### THE DATA
----------

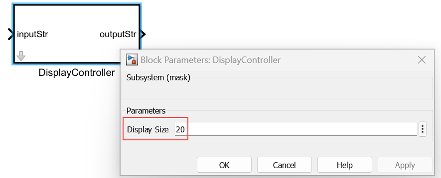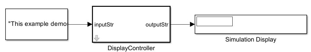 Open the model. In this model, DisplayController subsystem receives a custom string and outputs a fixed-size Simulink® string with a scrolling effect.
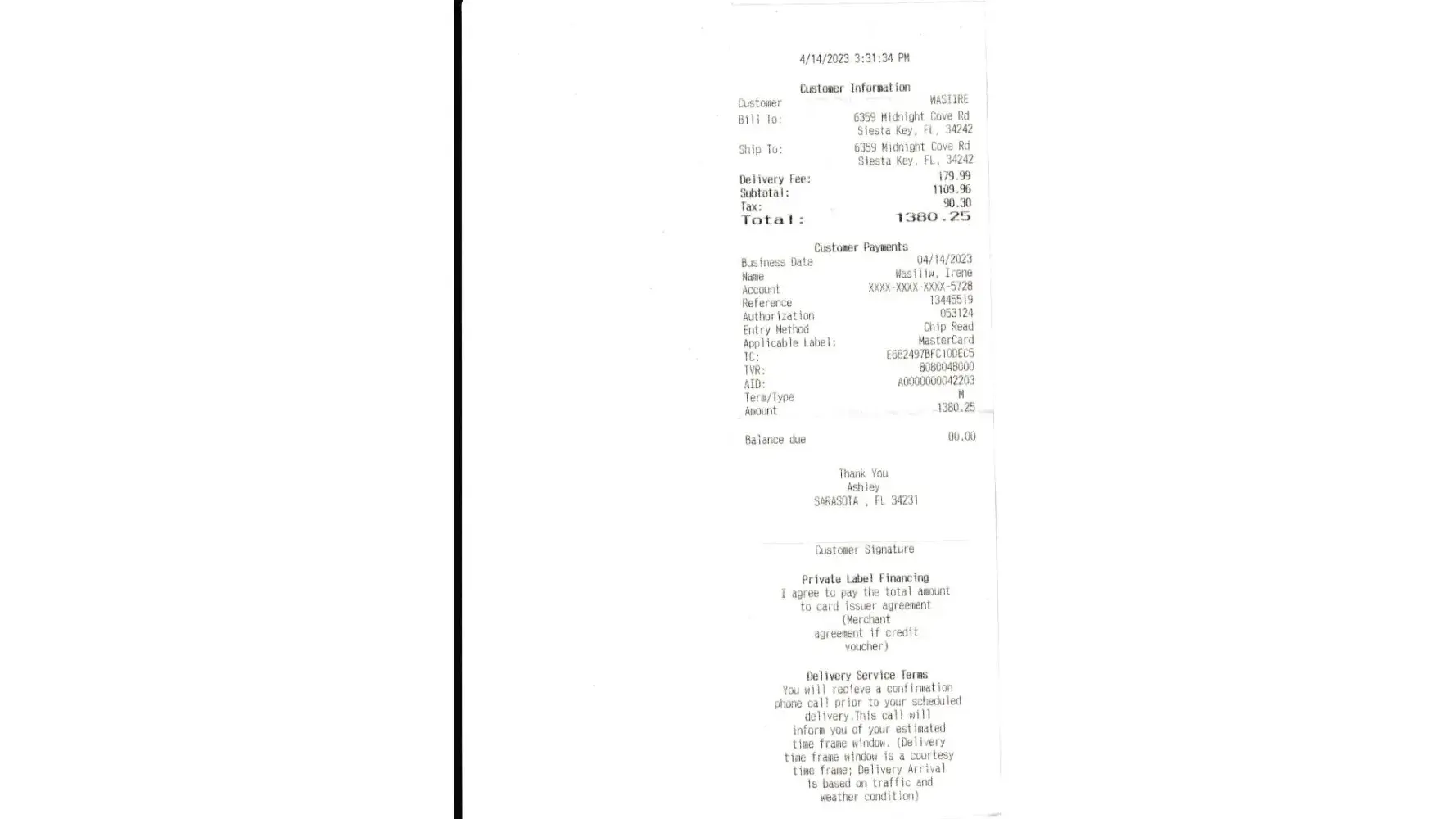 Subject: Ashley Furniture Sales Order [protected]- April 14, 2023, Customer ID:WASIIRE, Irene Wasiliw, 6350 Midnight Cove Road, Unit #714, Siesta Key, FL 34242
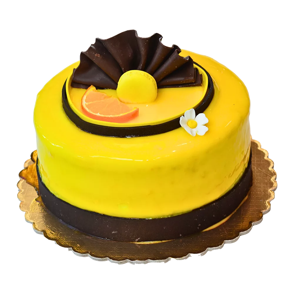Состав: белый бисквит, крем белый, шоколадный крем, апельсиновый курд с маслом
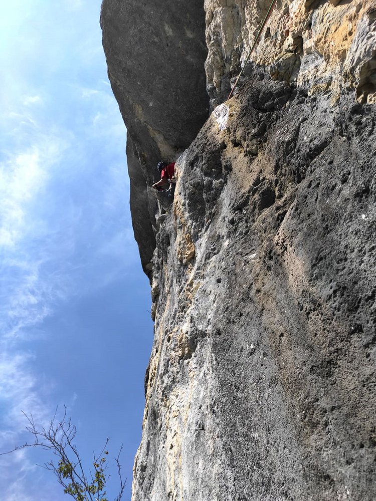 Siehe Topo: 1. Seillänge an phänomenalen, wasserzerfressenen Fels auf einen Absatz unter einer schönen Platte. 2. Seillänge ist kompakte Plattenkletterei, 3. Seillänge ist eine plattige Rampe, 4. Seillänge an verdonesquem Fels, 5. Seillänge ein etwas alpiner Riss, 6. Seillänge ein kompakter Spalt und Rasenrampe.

----------

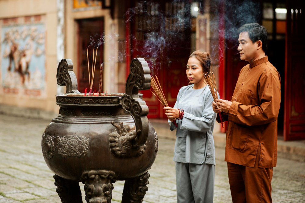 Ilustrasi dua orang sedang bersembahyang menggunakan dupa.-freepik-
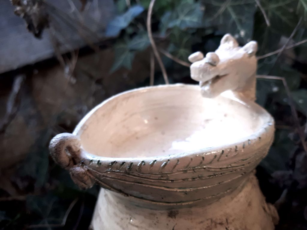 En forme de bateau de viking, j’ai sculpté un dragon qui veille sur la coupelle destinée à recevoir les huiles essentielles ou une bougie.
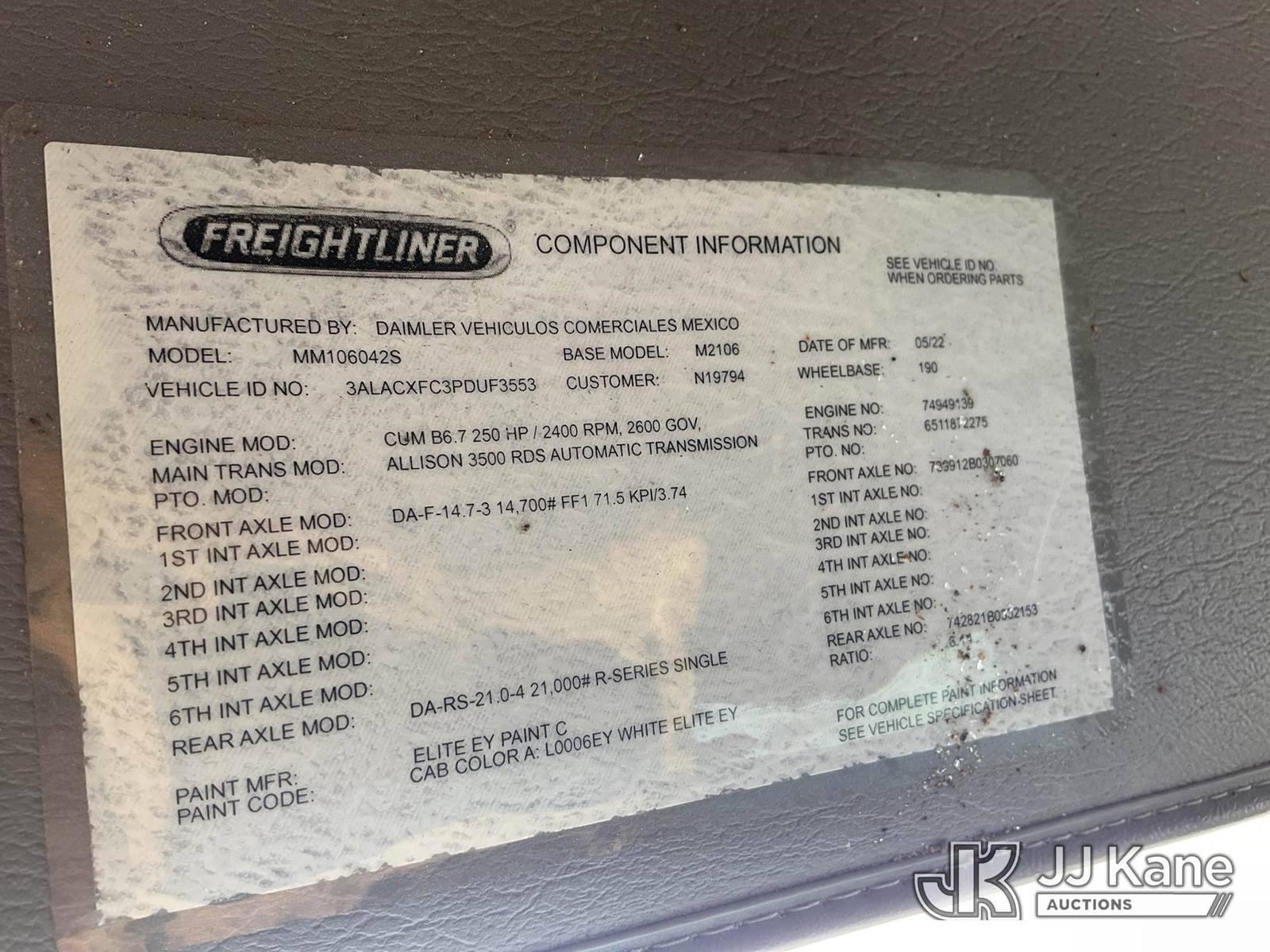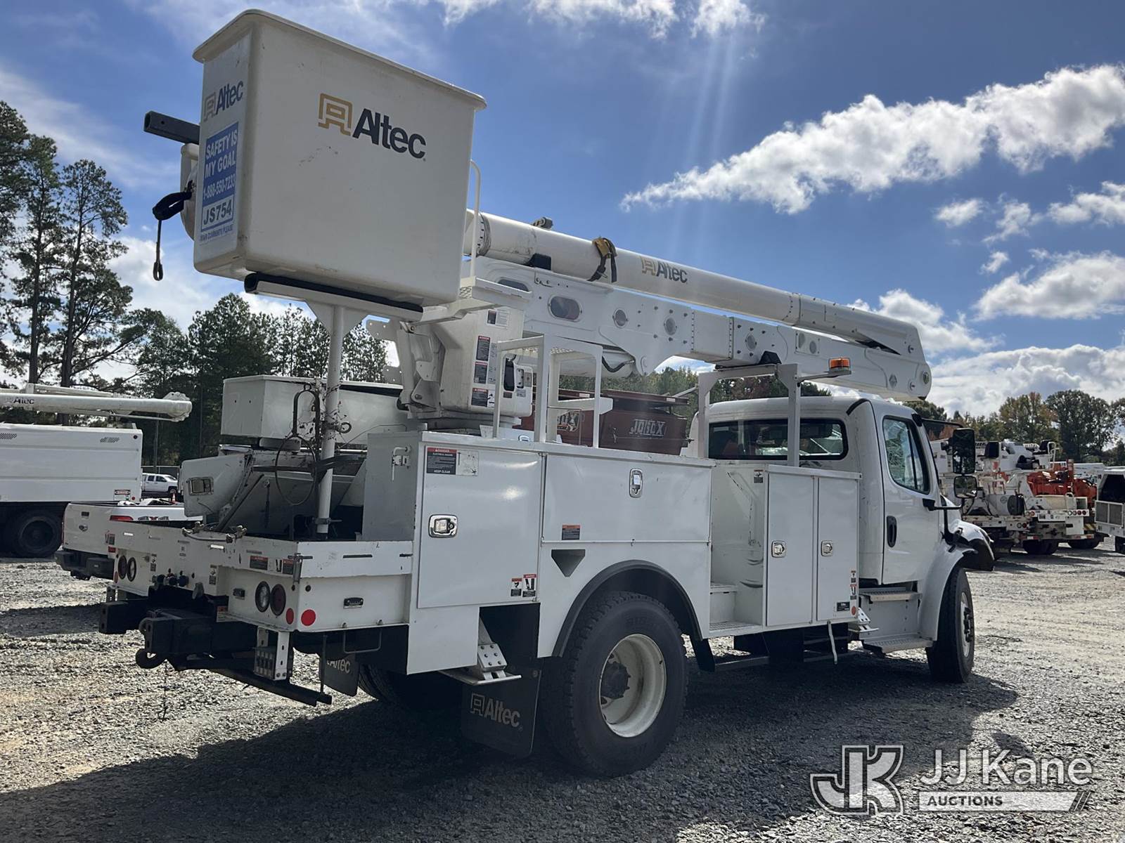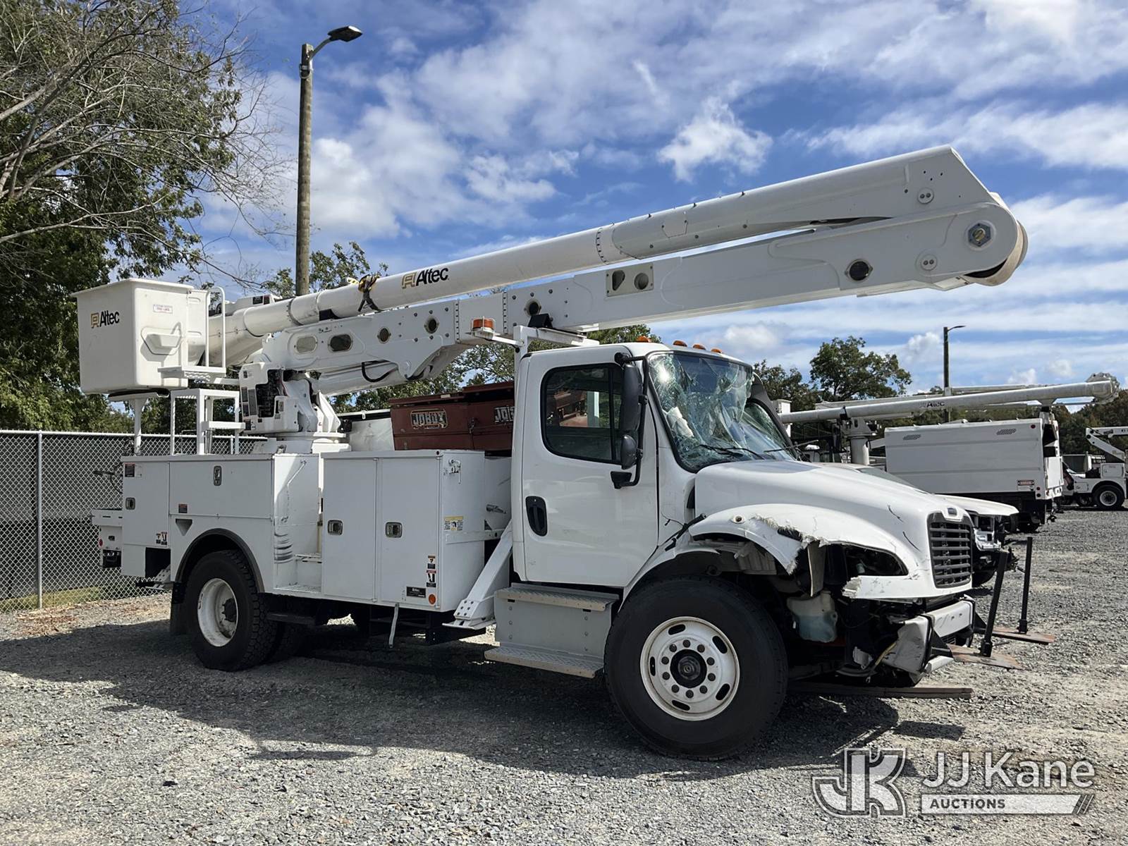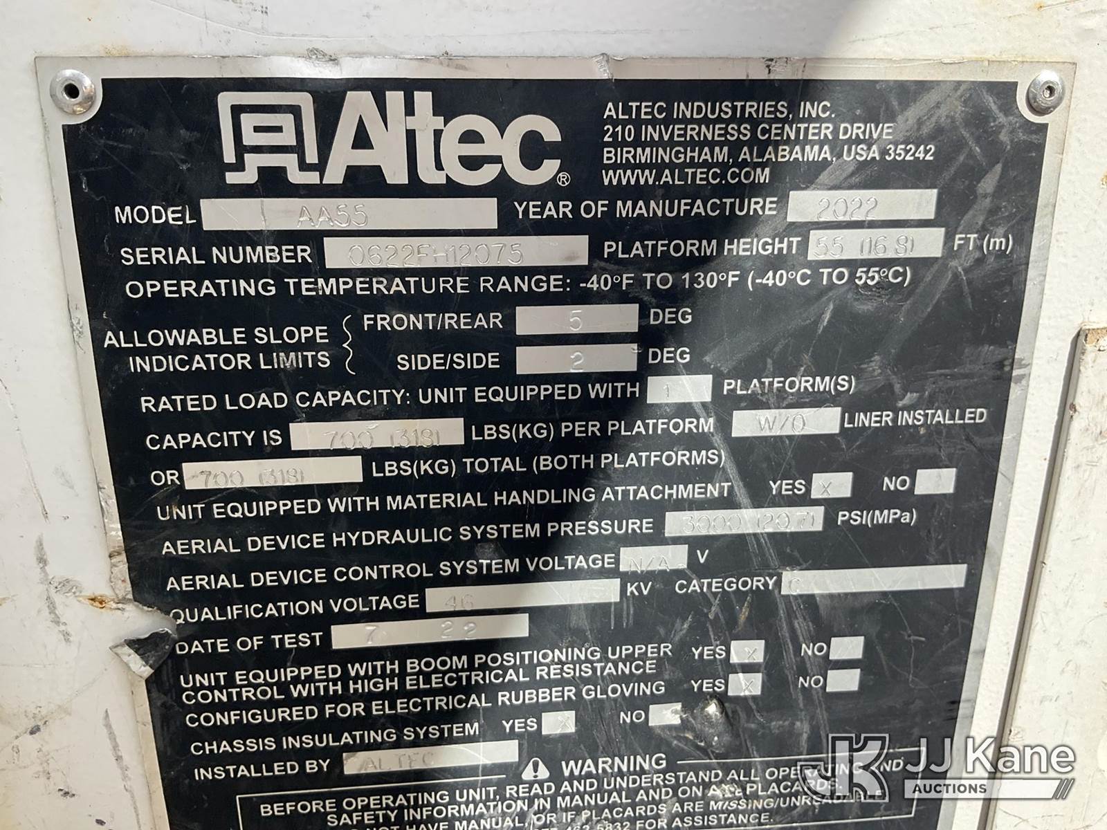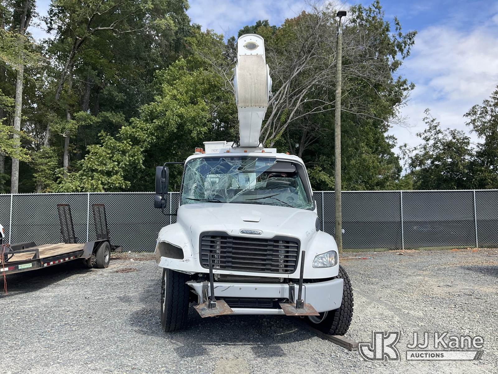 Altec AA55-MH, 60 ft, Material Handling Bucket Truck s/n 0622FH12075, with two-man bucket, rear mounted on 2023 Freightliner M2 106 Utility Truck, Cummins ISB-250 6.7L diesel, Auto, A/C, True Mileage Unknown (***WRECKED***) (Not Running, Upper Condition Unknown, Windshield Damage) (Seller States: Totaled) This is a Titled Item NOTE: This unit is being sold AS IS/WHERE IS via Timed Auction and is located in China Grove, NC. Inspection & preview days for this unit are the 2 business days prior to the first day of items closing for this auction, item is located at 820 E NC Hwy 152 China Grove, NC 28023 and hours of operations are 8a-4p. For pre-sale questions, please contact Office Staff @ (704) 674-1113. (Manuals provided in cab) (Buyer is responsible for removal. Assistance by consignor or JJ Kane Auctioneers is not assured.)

----------

### TASK STATEMENT
Within the listing above, the lines starting at the one containing "Subject: Ashley Furniture" and ending at the one containing "Состав: белый бисквит, крем" are to be returned exactly. Omit the pictures.

### ANSWER FOR THE TASK
 Subject: Ashley Furniture Sales Order [protected]- April 14, 2023, Customer ID:WASIIRE, Irene Wasiliw, 6350 Midnight Cove Road, Unit #714, Siesta Key, FL 34242
Состав: белый бисквит, крем белый, шоколадный крем, апельсиновый курд с маслом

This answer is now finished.